T@S: What inspires or motivates you?

TM:They are primarily our medical students. It's difficult to be a doctor, it used to be difficult, but it's getting harder and harder, and these men and women are making tremendous sacrifices. You don't just show up to take a few courses, you're here to be changed so you can make a difference in the world, and that inspires you. Our inaugural class began medical school at a new university with no high school students and an untested curriculum just as the pandemic was changing the world for everyone. They have had to deal with it all and yet they remain tenacious and have the flexibility and determination to move forward and succeed. Our students are my inspiration.

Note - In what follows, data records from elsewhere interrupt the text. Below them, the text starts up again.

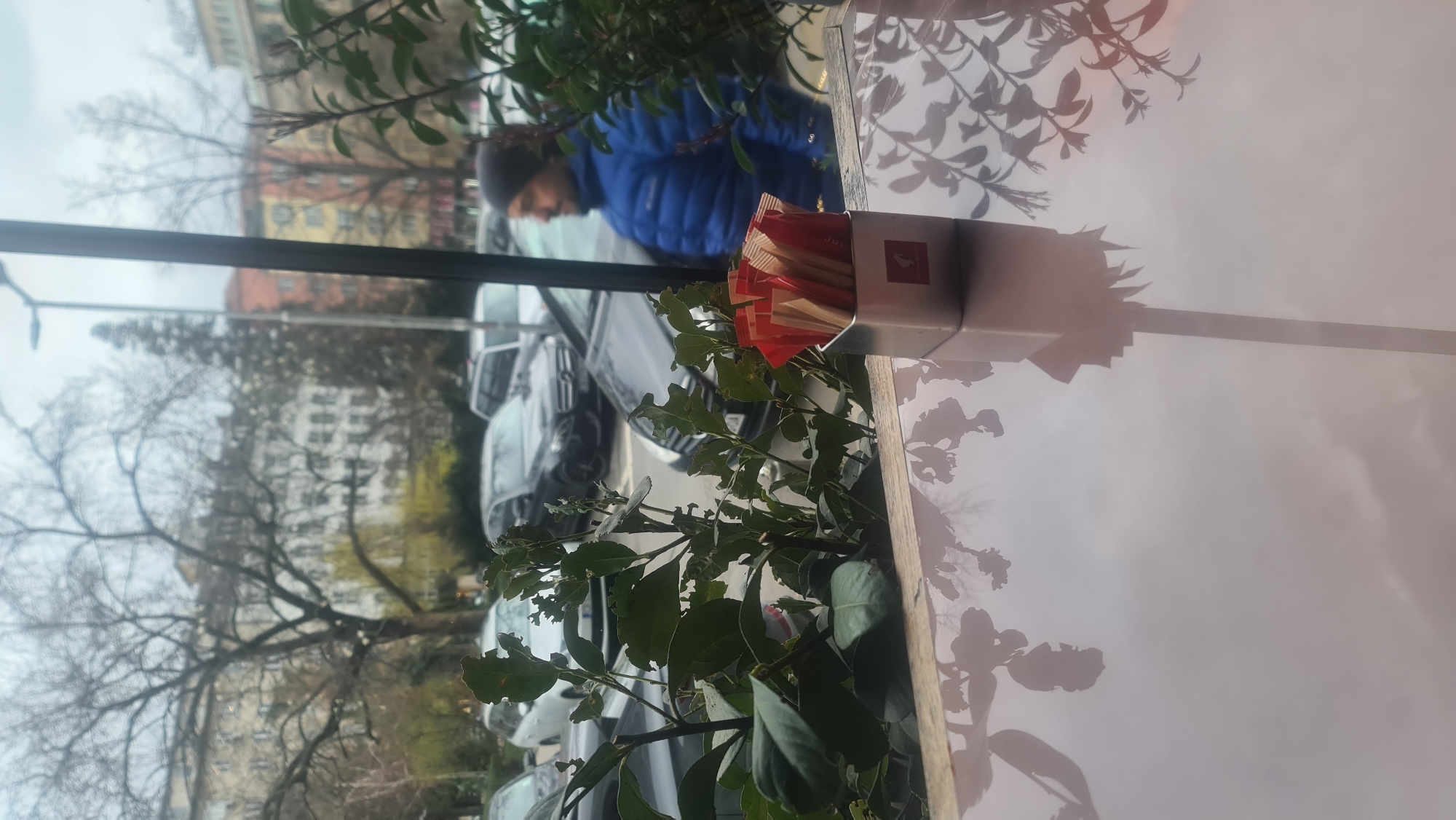 The image, taken from within a building looking outward, shows a man wearing a blue jacket and a dark beanie partially visible. Behind him is a street scene with several parked cars and buildings. In the foreground, there's a metal container holding sugar packets, along with greenery positioned on a white surface. The scene gives a blurred impression of the city outside the window of what could be a cafe or restaurant, potentially located in Sofia, Bulgaria, given the architectural style and ambiance typically found in the area. The lighting suggests it's daytime, and the foliage casts shadows onto the surface.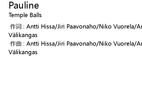 | [00:00.000] | 作词 : Antti Hissa/Jiri Paavonaho/Niko Vuorela/Arttu Teronen/Jimi Välikangas |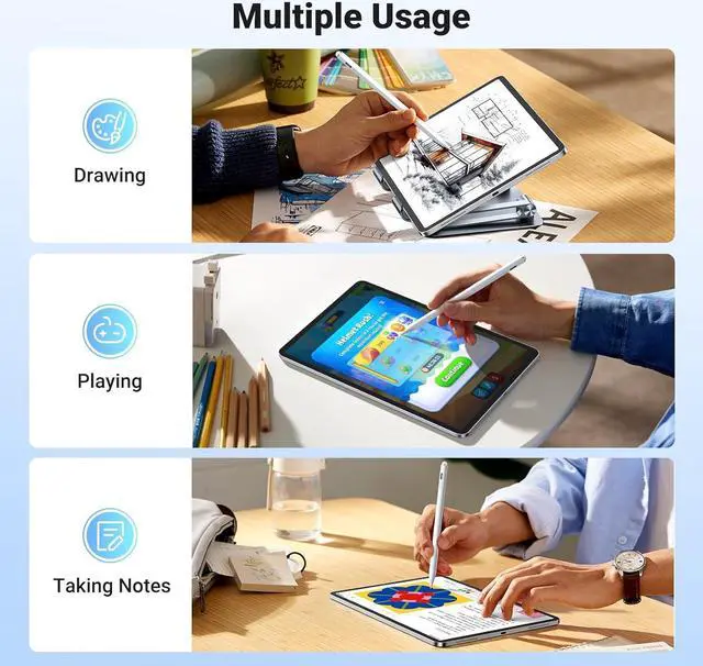 Full Screen with Palm Rejection: The stylus pencil for iPad features built in high precision sensor for automatic Palm Rejection, reducing accidental Screen touches while doodling on iPad, especially useful for preventing children from interfering

T@S: What do you think is necessary to be successful in this area?

TM:Medical students must have the heart and passion to succeed and the dedication to move forward. Medical school is like drinking out of a fire hose, it's not easy. Here you can see people studying at all hours of the day and night. Once they are in their third or fourth year, they will spend many hours in hospitals and clinics, then they will go home and study some more, so it takes a lot of time and effort to get through. However, from my experience it's totally worth it, I wouldn't trade it for the world and there hasn't been a moment when I looked back on my career and regretted it. Our goal is to help each of our medical students find success and fulfillment in a career focused on service to others.